Leave the pictures in the listing below aside and reproduce exactly the lines starting with the one with "Collier Argent Blanc" and going on through the one with "Ovaj apstraktni poster, sa", both ends included.
(Source data Opens)
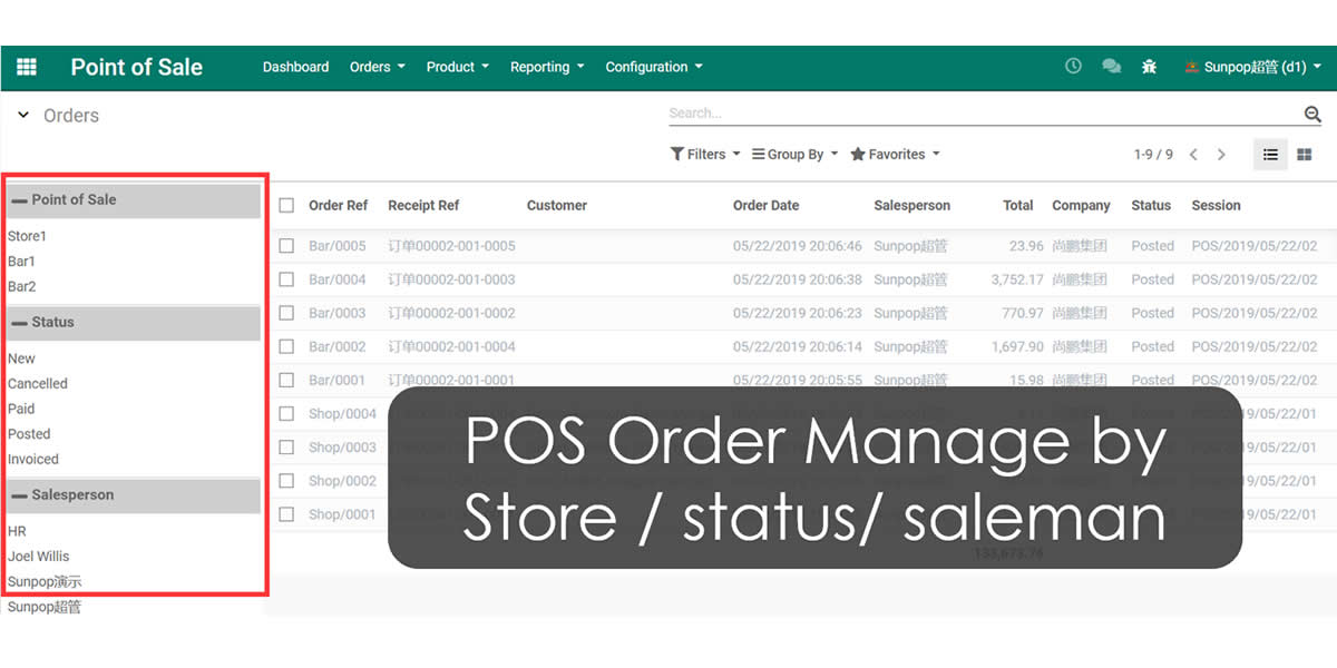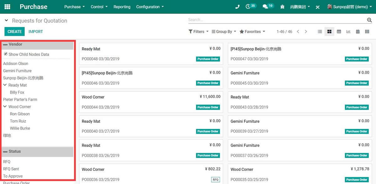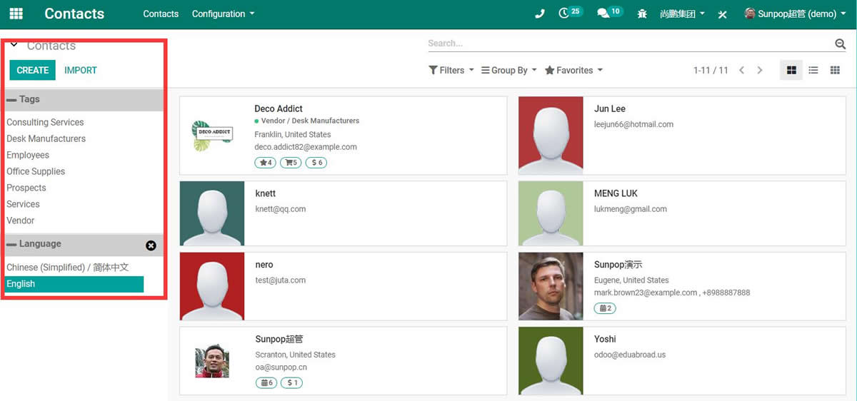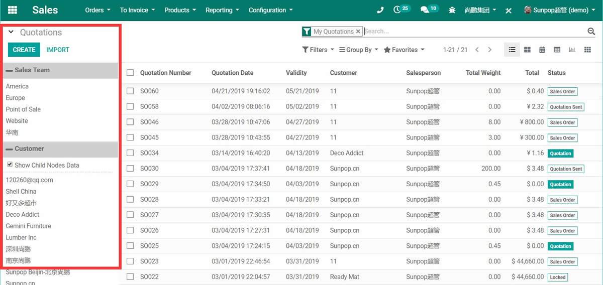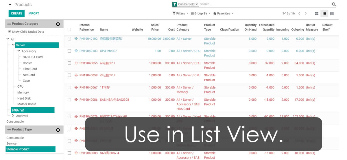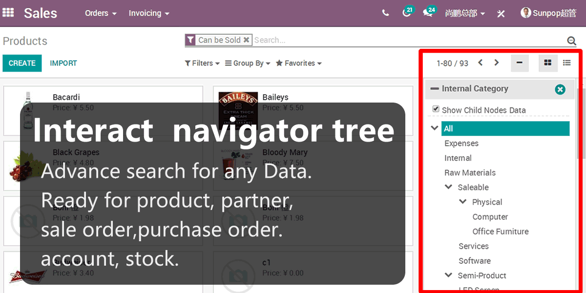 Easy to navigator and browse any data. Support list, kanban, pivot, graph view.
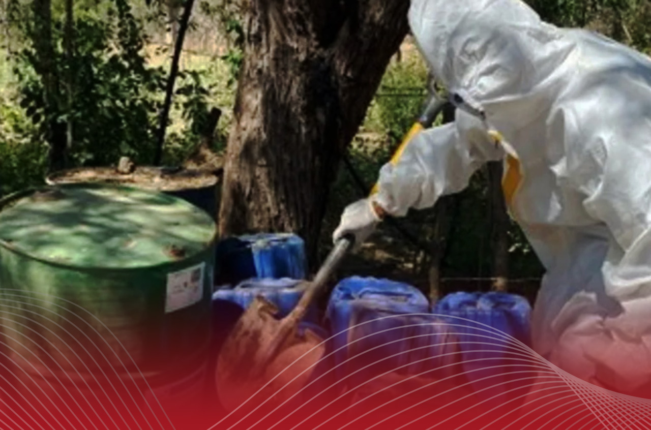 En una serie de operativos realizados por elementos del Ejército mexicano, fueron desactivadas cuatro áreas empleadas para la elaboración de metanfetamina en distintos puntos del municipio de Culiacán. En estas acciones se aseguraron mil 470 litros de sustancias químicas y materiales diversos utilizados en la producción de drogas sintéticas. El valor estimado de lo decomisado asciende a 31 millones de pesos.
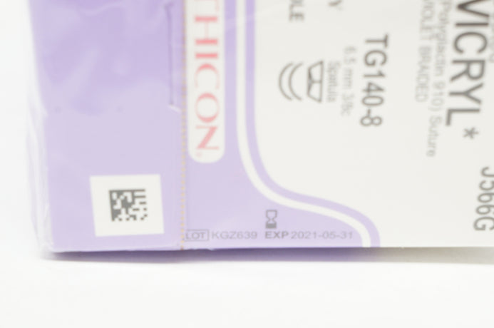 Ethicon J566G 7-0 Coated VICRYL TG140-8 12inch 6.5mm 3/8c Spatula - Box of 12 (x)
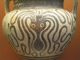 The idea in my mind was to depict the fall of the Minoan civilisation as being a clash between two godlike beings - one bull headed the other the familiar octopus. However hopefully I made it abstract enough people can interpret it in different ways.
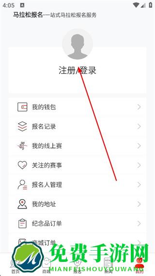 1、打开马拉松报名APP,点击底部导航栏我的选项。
(Source data Closes)
(Source data Opens)
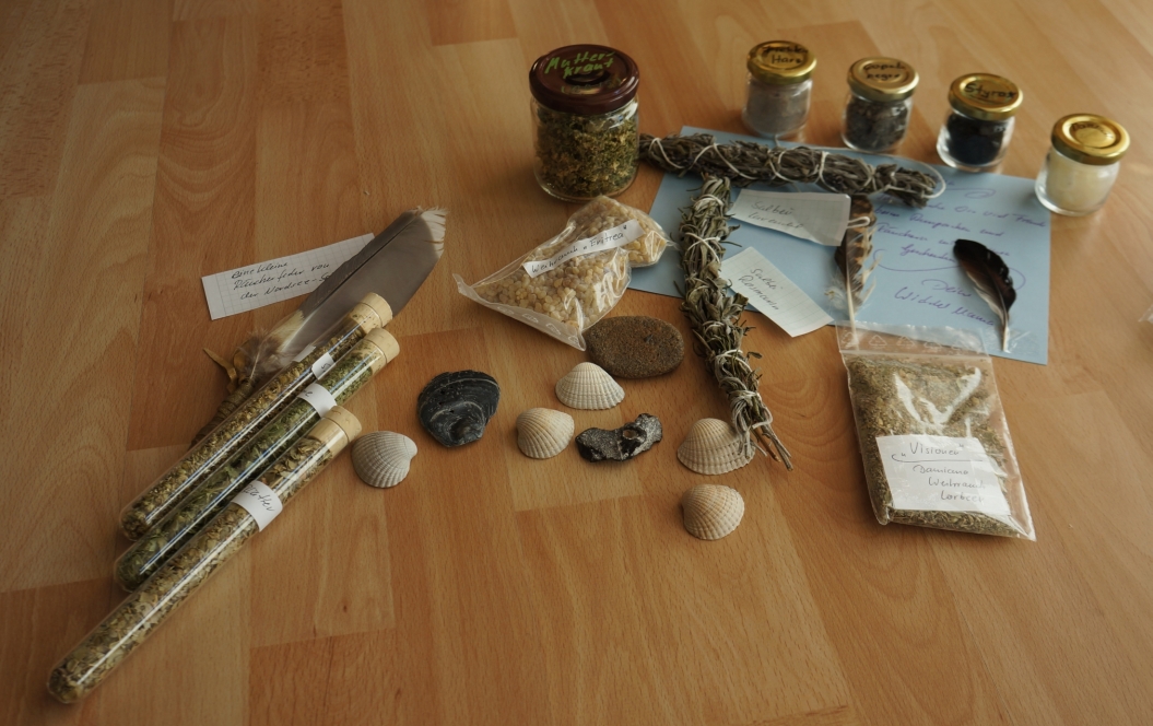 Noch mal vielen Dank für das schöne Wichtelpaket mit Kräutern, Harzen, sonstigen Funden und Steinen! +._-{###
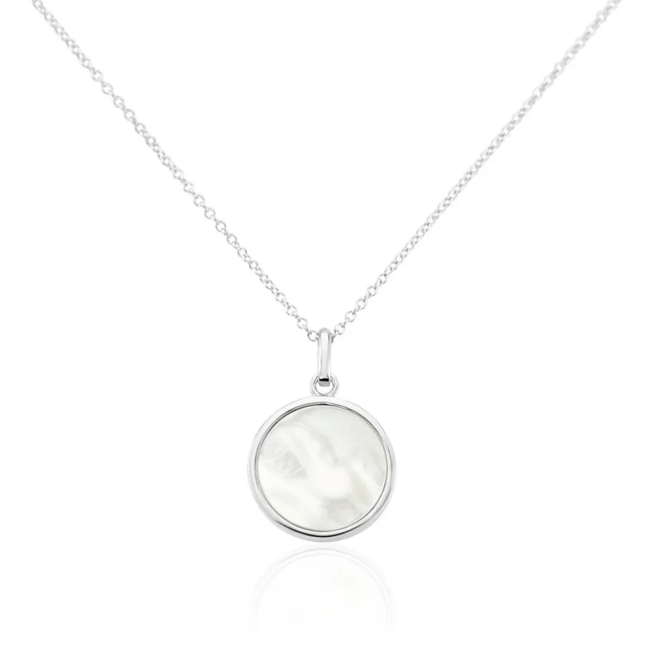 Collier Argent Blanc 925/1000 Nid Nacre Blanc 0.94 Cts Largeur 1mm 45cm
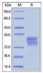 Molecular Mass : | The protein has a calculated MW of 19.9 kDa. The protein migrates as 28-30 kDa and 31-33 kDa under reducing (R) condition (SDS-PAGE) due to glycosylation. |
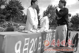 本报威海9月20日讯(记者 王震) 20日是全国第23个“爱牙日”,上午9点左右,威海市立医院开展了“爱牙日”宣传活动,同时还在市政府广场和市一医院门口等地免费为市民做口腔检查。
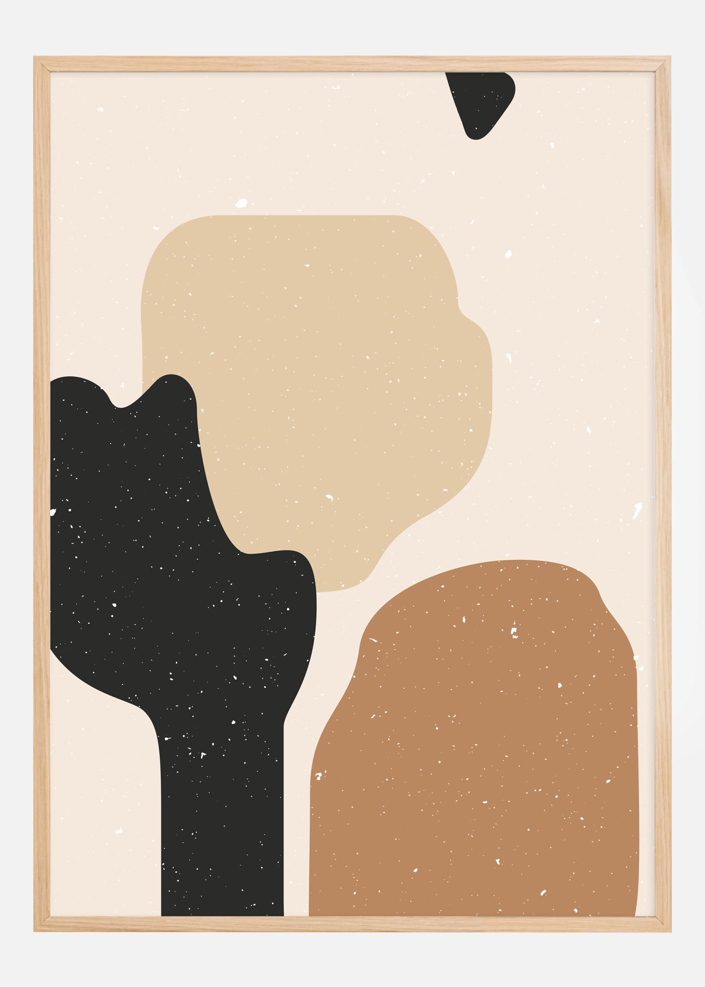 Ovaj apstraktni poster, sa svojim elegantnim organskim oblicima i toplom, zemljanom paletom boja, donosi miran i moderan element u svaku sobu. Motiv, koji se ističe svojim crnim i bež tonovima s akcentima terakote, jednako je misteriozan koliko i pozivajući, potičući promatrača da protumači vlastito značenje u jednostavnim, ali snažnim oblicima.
(Source data Closes)
(Source data Opens)
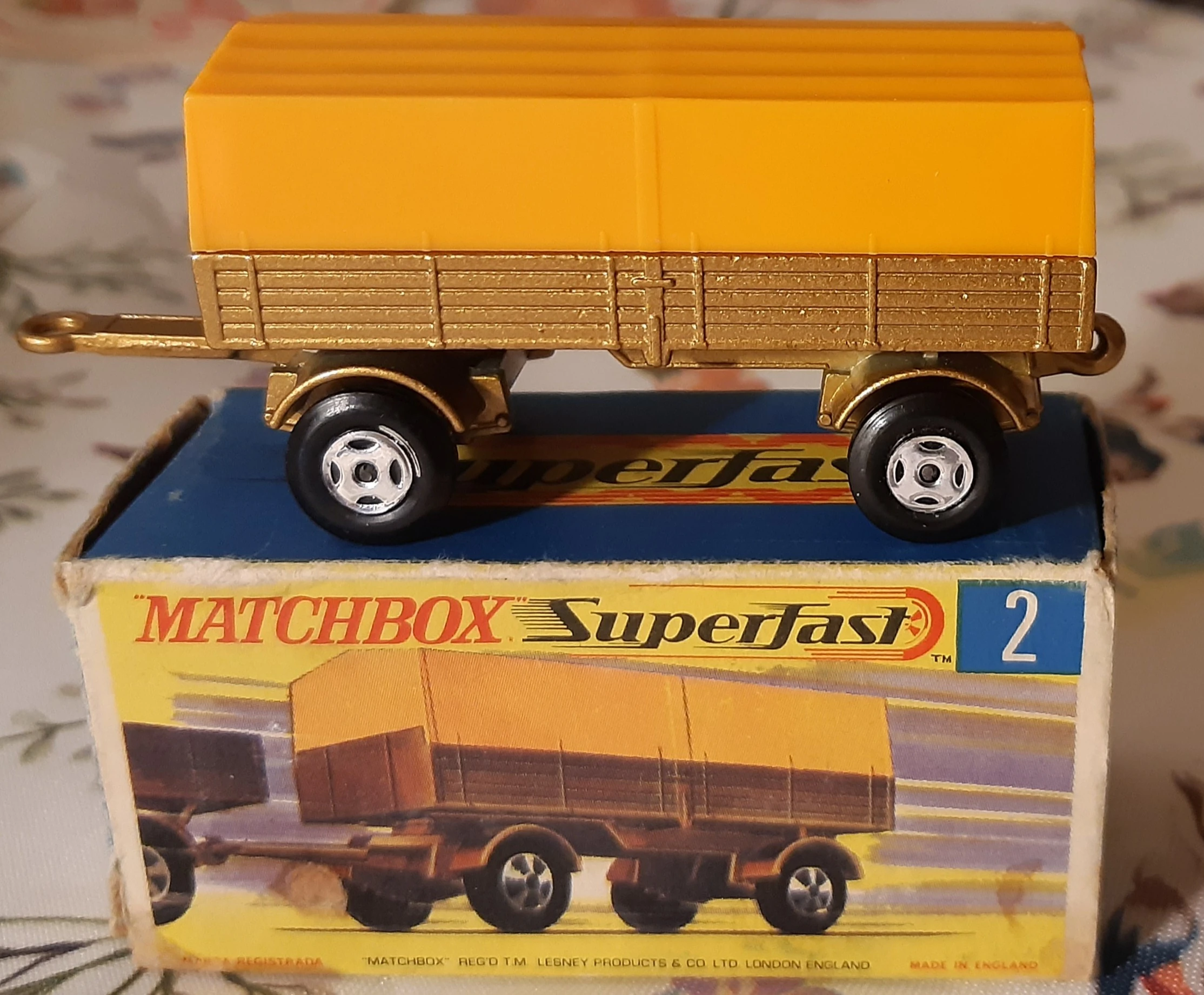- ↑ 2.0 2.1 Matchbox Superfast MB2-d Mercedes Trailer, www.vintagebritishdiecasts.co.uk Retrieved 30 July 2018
(Source data Closes)
_Response below_:
 Collier Argent Blanc 925/1000 Nid Nacre Blanc 0.94 Cts Largeur 1mm 45cm
 Molecular Mass : | The protein has a calculated MW of 19.9 kDa. The protein migrates as 28-30 kDa and 31-33 kDa under reducing (R) condition (SDS-PAGE) due to glycosylation. |
 本报威海9月20日讯(记者 王震) 20日是全国第23个“爱牙日”,上午9点左右,威海市立医院开展了“爱牙日”宣传活动,同时还在市政府广场和市一医院门口等地免费为市民做口腔检查。
 Ovaj apstraktni poster, sa svojim elegantnim organskim oblicima i toplom, zemljanom paletom boja, donosi miran i moderan element u svaku sobu. Motiv, koji se ističe svojim crnim i bež tonovima s akcentima terakote, jednako je misteriozan koliko i pozivajući, potičući promatrača da protumači vlastito značenje u jednostavnim, ali snažnim oblicima.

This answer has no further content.